Constitutional

In theory, the New Hall Christmas party was a really decent night out. Like good empiricists, we laboured to revise that theory to meet the available facts; namely that it was a decent night out for people who weren’t us.  In the first year, Frank and Mart drank four bottles of white wine between them before setting off and respectively puked on the bus, and sat in puke on the bus – and not as unrelated incidents, I might add. In the second year, I made my final catastrophic attempt to romance Ella, and then risked death to forget it. I also trod in deer shit, which was really not on the radar at the start of the evening.

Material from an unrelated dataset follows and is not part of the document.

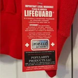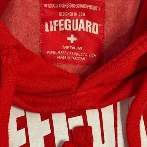 Bold red hoodie with 'Lifeguard' print. Features a front pocket and hood. Perfect for casual wear or costume!

The party was annually hosted at a bona fide, genuine nightclub called Enigma, although the real mystery was why anyone would want to spend a night in the scary part of Dundee. [Which is all of it.] After the buses pulled up, a bunch of wasted local kids hurled abuse at us and, later, chips. Graffiti on the dirty bricks of the nightclub itself depicted a sex act that, despite close to two decades of unfettered internet access, I have still never seen reproduced in porn.

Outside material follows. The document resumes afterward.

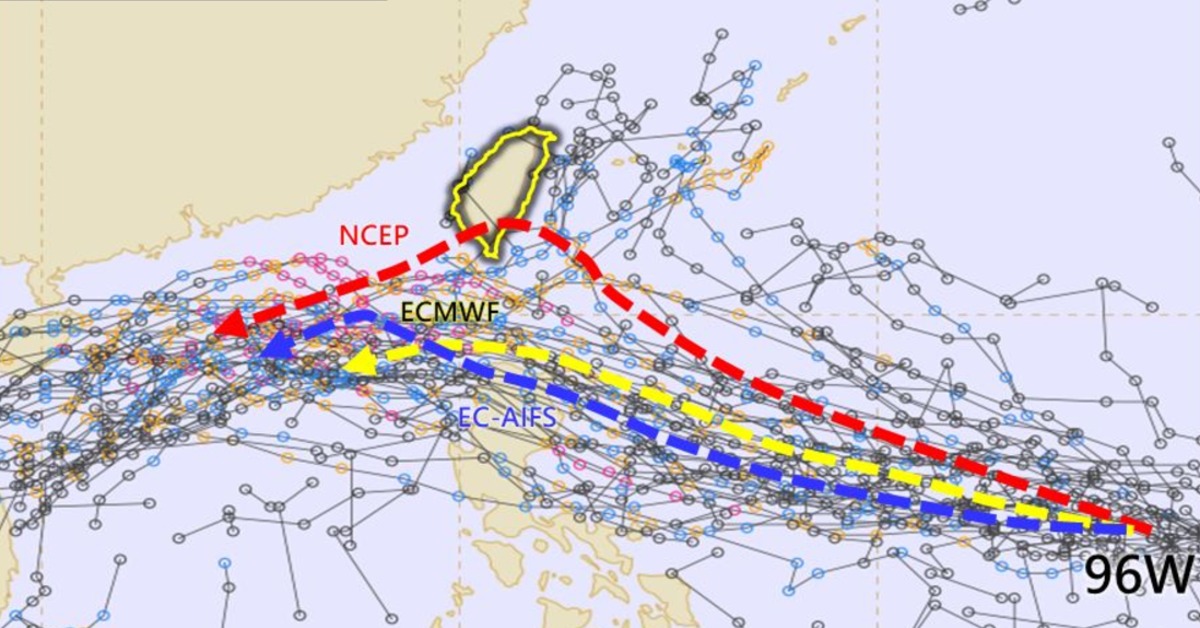 熱帶擾動96W預估將在週末生成為第24號颱風「風神」(Fengshen),氣象專家指出,各國預測路徑仍相當分歧,其中美國NCEP模式預測恐侵襲台灣,不論是否登陸都要注意和東北風產生的共伴效應,造成額外降雨。

That night I was wearing a flamboyant and ill-chosen shirt, the entire merits of which consisted in its being of, at least in part, a festive colour. I was also wearing a ‘Jingle Bells’ musical tie, which must have been the result of a gentlemanly wager of some sort because even at that point in my life I wouldn’t have stooped so close to a total suicide of dignity. It had a little Santa with flashing red LED eyes.

I don’t know why I was asking Ella out again. I wish I could remember, because it seemed mostly reasonable at the time. It was all undone in the execution, of course: I’d come to the conclusion that if it wasn’t going to happen with the aid of mistletoe, then it wasn’t going to happen at all. With hindsight applied, the cautious application of Occam’s Razor might have saved me some time, as well as the fifty pence I spent on a plastic sprig of New Hall committee’s party-approved mistletoe substitute.

The club was dark, but bright with it. Neon nights glared into the smoky air. Could have been dry ice, probably it was just cigarettes. It was all gaudy and cyberpunk, and I guess it felt like somewhere you could have a good time.

‘I’ve got a tattoo!’ Ella said, when I sat next to her.

‘I’ve got a scar under my eye,’ I said.

‘That’s not the same.’ 

‘I guess not.’

‘Do you want to see it?’

‘OK,’ I said. ‘Did it hurt?’

She leaned forwards, and brushed her long hair to one side. Her low back dress showed it off, a tiny thing on her left shoulder blade.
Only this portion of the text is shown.